▼▼▼
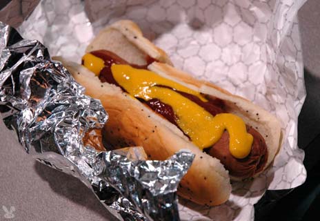 Not only do most big venues require you to utilize their in house “catering” (I love that word because it implies that your desires somehow enter into the picture) you know that there are a few Tyler Durdens behind the scenes as well. I got a Jumbo Hot Dog ($4.00):
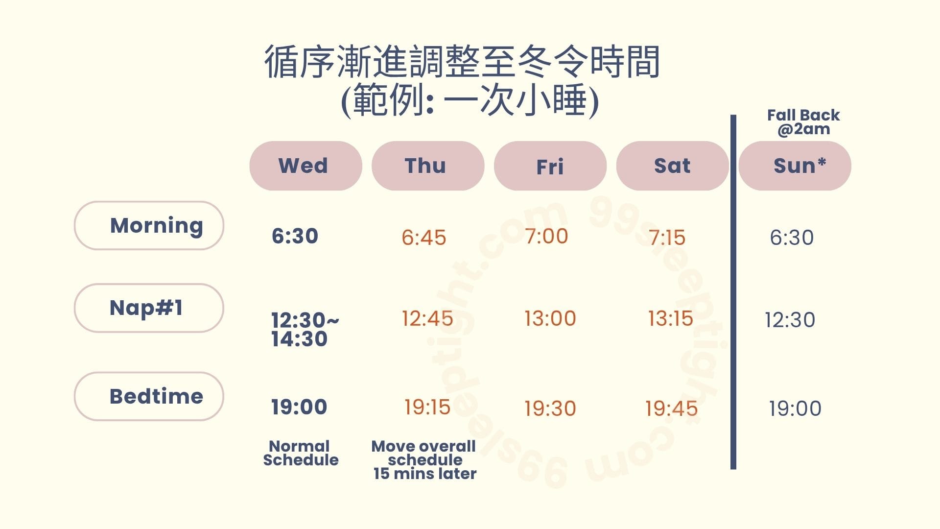 - 同步調整全天作息:除了夜晚睡眠,連同用餐、小睡、洗澡等日常活動,也都每天延後 15 分鐘,幫助孩子的生理時鐘逐步調整。
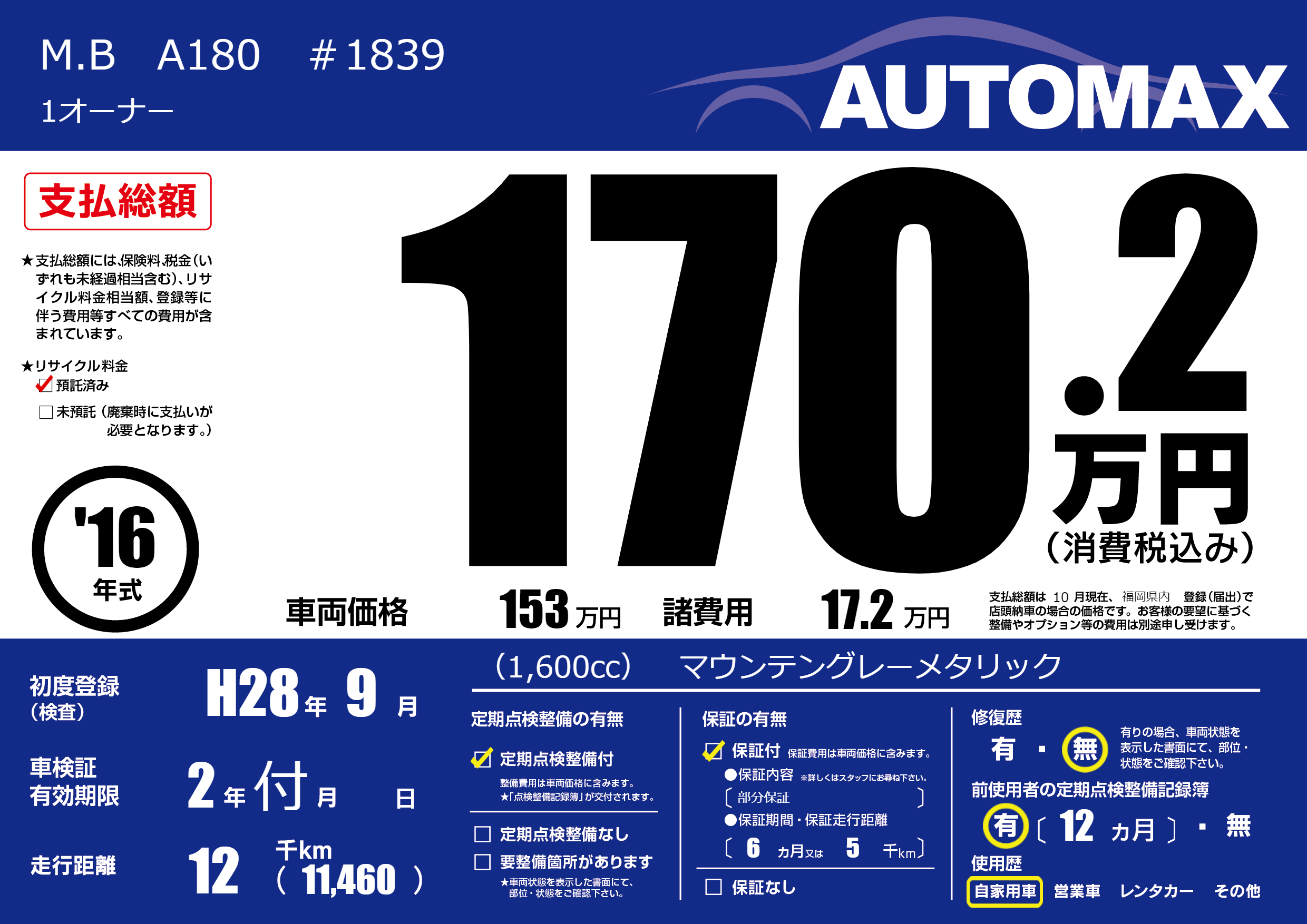 | 車名 | M.B A180 #1839 | グレード ミッション 排気量 |
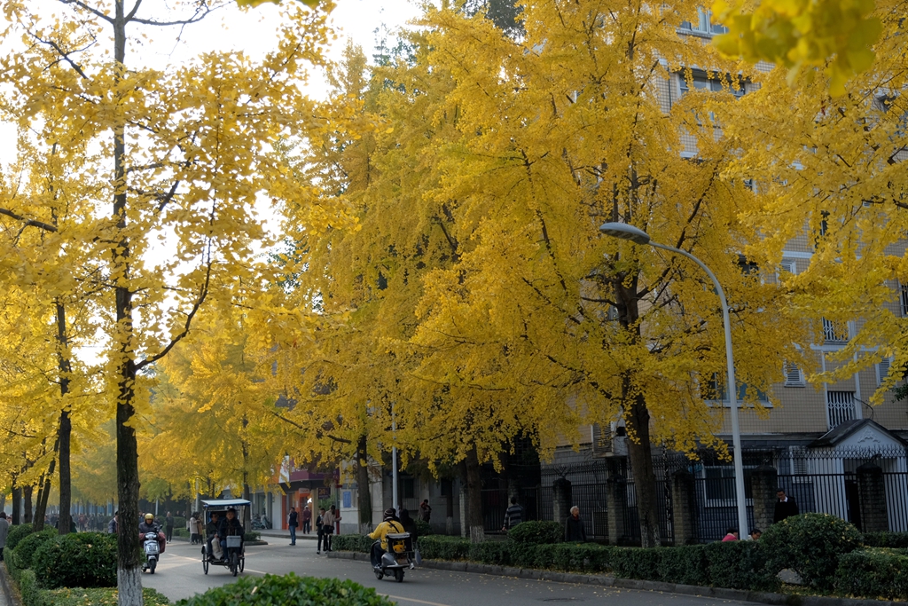 四川大学,它是中华人民共和国教育部直属的高水平综合性全国重点大学,中央直管副部级建制,世界一流大学建设高校……头衔太多了,总之是我国西部最高的学府了。我离开大学校园已久,在这里看到来来往往的大学生,真是挺怀念以前在大学校园的那一段美好生活时光。不过川大的学生更幸福,因为他们的校园到了秋天就是一个金色灿烂的世界,多么浪漫啊!
▲▲▲
Only the lines from the one with "- 同步調整全天作息:除了夜晚睡眠,連同用餐、小睡、洗澡等日常活動,也都每天延後 15" through the end of the listing should be transcribed, exactly and without pictures.

 - 同步調整全天作息:除了夜晚睡眠,連同用餐、小睡、洗澡等日常活動,也都每天延後 15 分鐘,幫助孩子的生理時鐘逐步調整。
 | 車名 | M.B A180 #1839 | グレード ミッション 排気量 |
 四川大学,它是中华人民共和国教育部直属的高水平综合性全国重点大学,中央直管副部级建制,世界一流大学建设高校……头衔太多了,总之是我国西部最高的学府了。我离开大学校园已久,在这里看到来来往往的大学生,真是挺怀念以前在大学校园的那一段美好生活时光。不过川大的学生更幸福,因为他们的校园到了秋天就是一个金色灿烂的世界,多么浪漫啊!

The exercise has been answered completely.